Laboratory-based assessments typically instruct subjects to rate pleasant emotion when exposed to a variety of evocative stimuli, including complex pictures, faces, sounds, words, and food [8-10,12]. Patients with schizophrenia displayed consistently high levels of internal consistency in these laboratory-based assessments of pleasant emotions [29]. The effort-expenditure for rewards task involves making choices between easy and hard tasks that can bring different amount of potential rewards [30]. The effort-expenditure for rewards task objectively measures the reward motivation and effort-based decision-making in humans.
Similarities between Items of Anhedonia and Amotivation in Assessment Tools
Researches have outlined the similarities in assessing items between anhedonia and amotivation, and identified difficulties in separating the two as distinct symptoms. A previous review [29] has established that both the anhedonia and amotivation subscale ratings overlap in regards to their incorporation of the frequency of certain activities such as hygiene and work-related activities, as well as the surveying of subjective emotional and physical experiences. Both of these scales measure the level of interest and productive community functioning, thus demonstrating a need for a clearer distinction between the two terms. Treadway and Zald have argued that there are two aspects of anhedonia, the “motivational” and “consummatory” anhedonia, yet the current underspecified definition of anhedonia integrates these two aspects as one [31]. Further confusion arises considering the fact that patients with schizophrenia tend to show decreases in anticipatory pleasure rather than consummatory pleasure [13], implying that their diminished anticipatory pleasure arises not from deficiency in the pleasure functions themselves but in their undervaluing of future benefits. Based on this evidence, Foussias and Remington have claimed that patients with schizophrenia do not have a hedonic deficit in the strictest sense and instead experience amotivation rather than anhedonia [2].
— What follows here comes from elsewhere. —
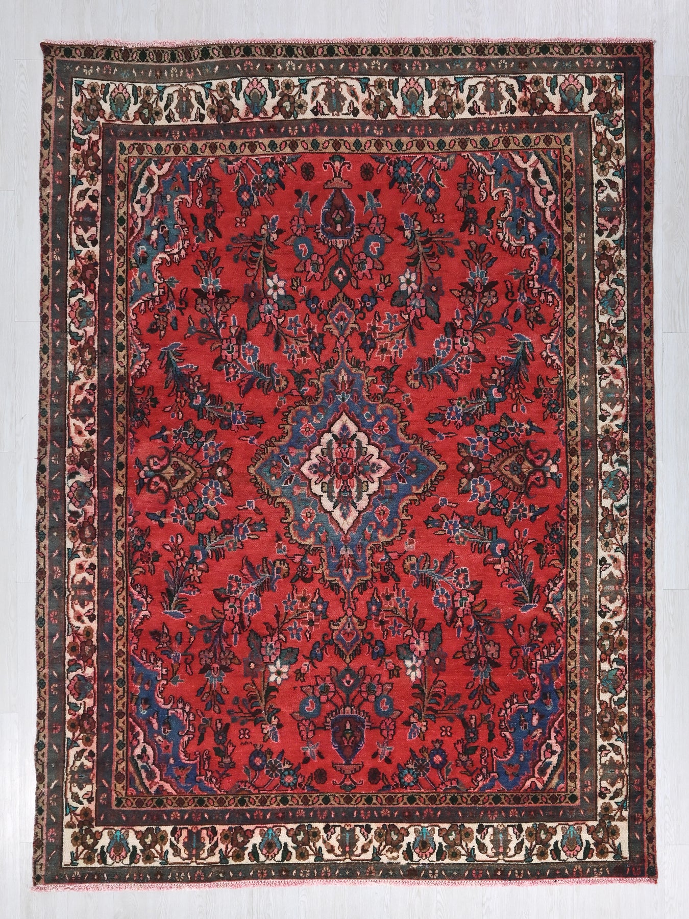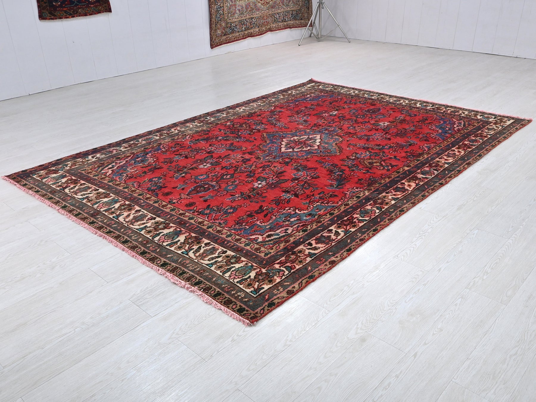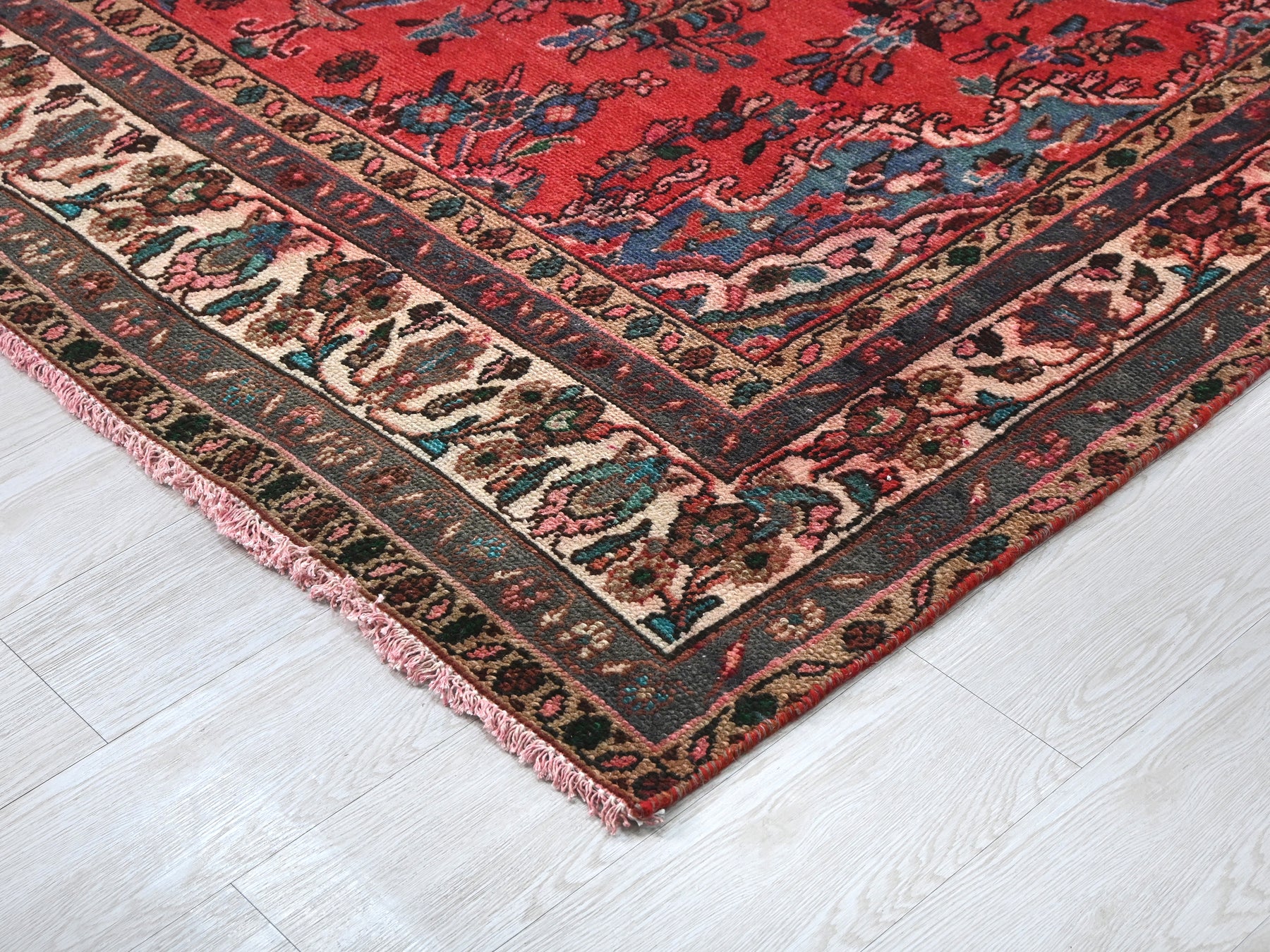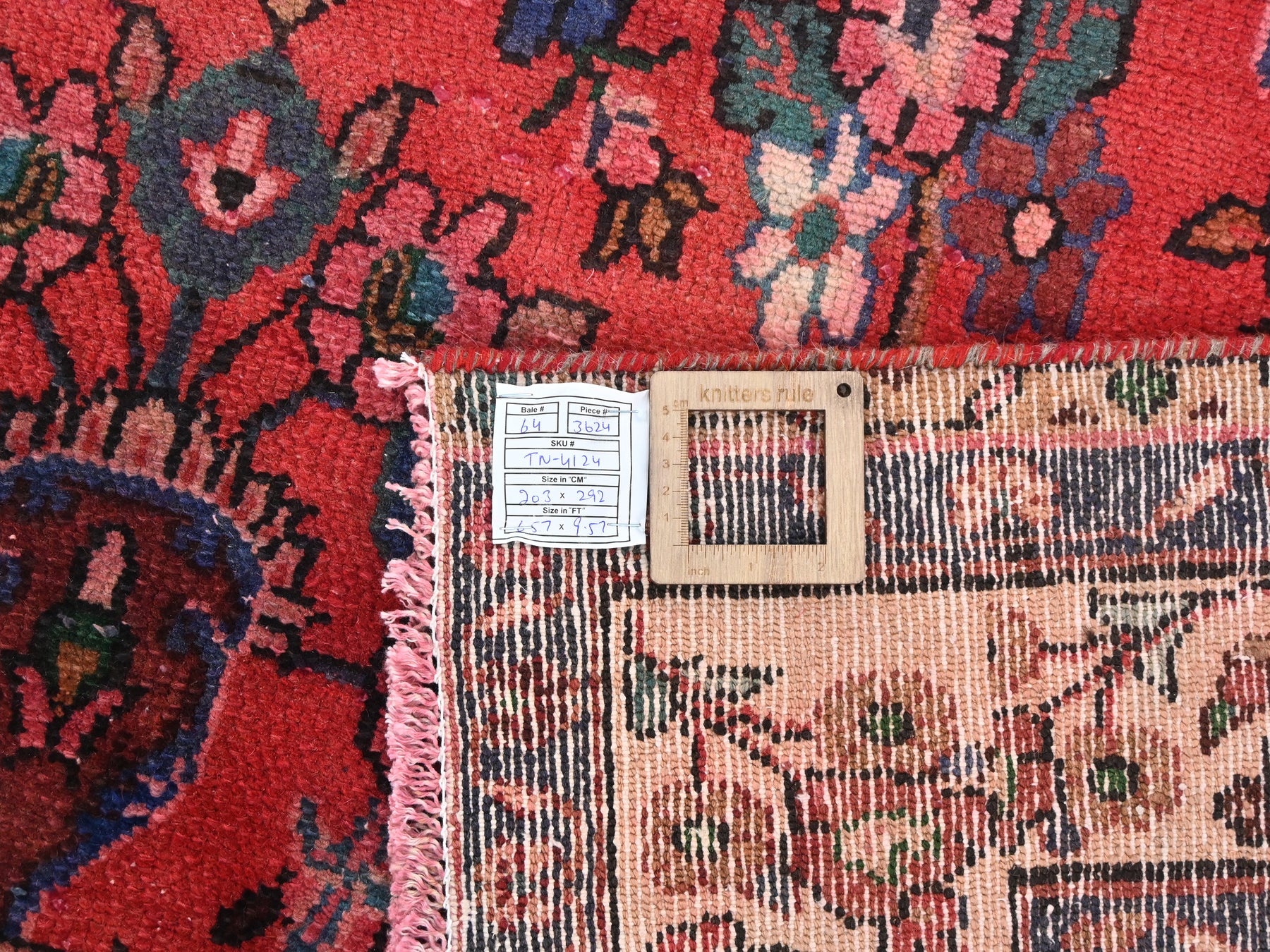 This is a hand-knotted, one-of-a-kind vintage rug. Due to the nature of this piece, there may be slight imperfections in its wear, shape, dimensions, and color. All of our rugs are professionally cleaned and repaired.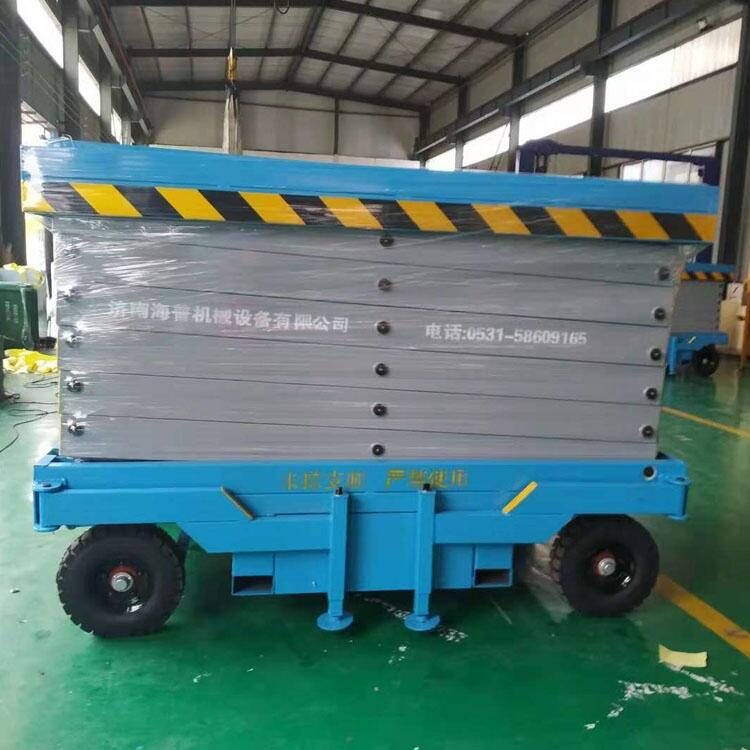 四轮移动式升降机: 该机系列平台为人工移动式,有四个轮子作为移动,简便且平稳。平台各降动力为二相,三相或直流24V,36V电源,也可改为些油机作动力,控制方式有手动控制和电动控制,另备有手压泵和手动下降装置,在停电时仍可正常使用

Factor analytic studies [32, 33] have demonstrated that there are interrelationships between anhedonia and amotivation, demonstrating that SANS measures of avolition/apathy and anhedonia/asociality are closely related. Further studies have suggested the possibility of grouping these two factors together. Sayers et al. [33], in particular, grouped them as what he called “social amotivation.”
REWARD PROCESSING MODEL
Model for the Normal Reward Processing
In order to understand anhedonia/amotivation in patients with schizophrenia, it is important to figure out the mechanism of reward processing in normal people. Suppose that a person encounters a pleasurable event, for instance, seeing a chocolate lying on a table, in which a person then decides to eat it. Upon taking the chocolate, he or she feels consummatory pleasure from its delicate taste, and this pleasurable memory will be stored and maintained until the next encounter of such event. When this person re-encounters a chocolate on a table, he or she will recall the memory from the past and will be able to feel anticipatory pleasure before even consuming the chocolate. This will induce motivation with the person to eat the chocolate, due to the aforementioned anticipation of the taste. This motivation will naturally lead to the goal-directed behavior (in this case, the consumption of the chocolate). Eventually, the cycle is formed; upon eating the chocolate, the person again feels consummatory pleasure, reinforcing the memories of such pleasurable experience. Each step in this cycle is essential in the reward processing, and a deficit in any step leads to breakdown of the whole cycle; for the cycle to function normally, each step has to be intact.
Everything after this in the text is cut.